Feliz ou infelizmente, com o crescimento do pensamento filosófico e científico dos séculos XV e XVI, testemunhamos nova elaboração da vivência da morte. Com o advento do Iluminismo, a morte passa a ser dissociada de seus aspectos religiosos e sagrados, adotando a racionalidade como elemento norteador. A morte passa a ser vista principalmente como um evento biológico, sobre o qual deve-se buscar um maior controle por meio da Ciência e da Razão. Com isso, a estruturação de hospitais, o desenvolvimento da medicina e a busca pelo prolongamento da vida ganham mais atenção.
A relação entre morte e hospital foi se estreitando ao longo dos séculos. Os hospitais tiveram sua finalidade alterada de acordo com cada época e lugar. Antes do advento da medicina científica e tecnológica, o morrer em hospitais era destinado às pessoas pobres ou indigentes, que não possuíam condições financeiras de serem tratadas em suas próprias residências, portanto se dirigiam aos hospitais em busca de recuperação de sua saúde, ou mesmo para morrerem.
Antes do século XVIII o hospital era uma instituição de assistência aos pobres, que visava unicamente sua separação e exclusão.
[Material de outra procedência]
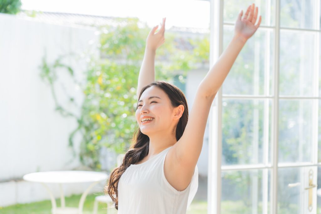 朝は、体を「起こす」ための軽いストレッチがおすすめです。

Na visão geral, o principal personagem do hospital não era o doente que poderia ser curado, mas sim, o pobre que estava morrendo e deveria ser assistido material e espiritualmente. O hospital seria portanto, um “morredouro”, um lugar para se morrer. O paradigma vigente nessa época era o paradigma do “cuidar”.
Cuidava-se dos doentes, mas sem a pretensão de reintegrá-los à sociedade, e enquanto estivessem vivos no aguardo da morte. O ato de cuidar estava inteiramente ligado à religiosidade, tendo o sagrado uma função asseguradora: “Cuidava-se do corpo e da alma, de maneira a facilitar à alma a sua entrada nos céus.
Com o tempo, a vivência da morte passou a ser restrita aos hospitais, transformados em locais de cura e recuperação de doentes, distanciando-os do convívio familiar durante sua recuperação ou mesmo no processo de morrer. Atualmente, século XXI, os cuidados médicos e hospitalares se pautam no paradigma de “curar”. Não basta cuidar do doente. É preciso curá-lo a todo custo e combater a morte. O paradigma do curar facilmente torna-se prisioneiro do domínio tecnológico da Medicina moderna. “Se algo pode ser feito, logo deve ser feito, essa é a missão”. Também idolatra a vida física a alimenta a tendência de usar o poder da Medicina para prolongar a vida, mesmo em condições inaceitáveis.
Esta idolatria da vida ganha forma na convicção de que, a inabilidade para curar ou evitar a morte, constitui-se uma falha na Medicina moderna. A falácia dessa lógica é pensar que a responsabilidade de curar termina quando os tratamentos estão esgotados.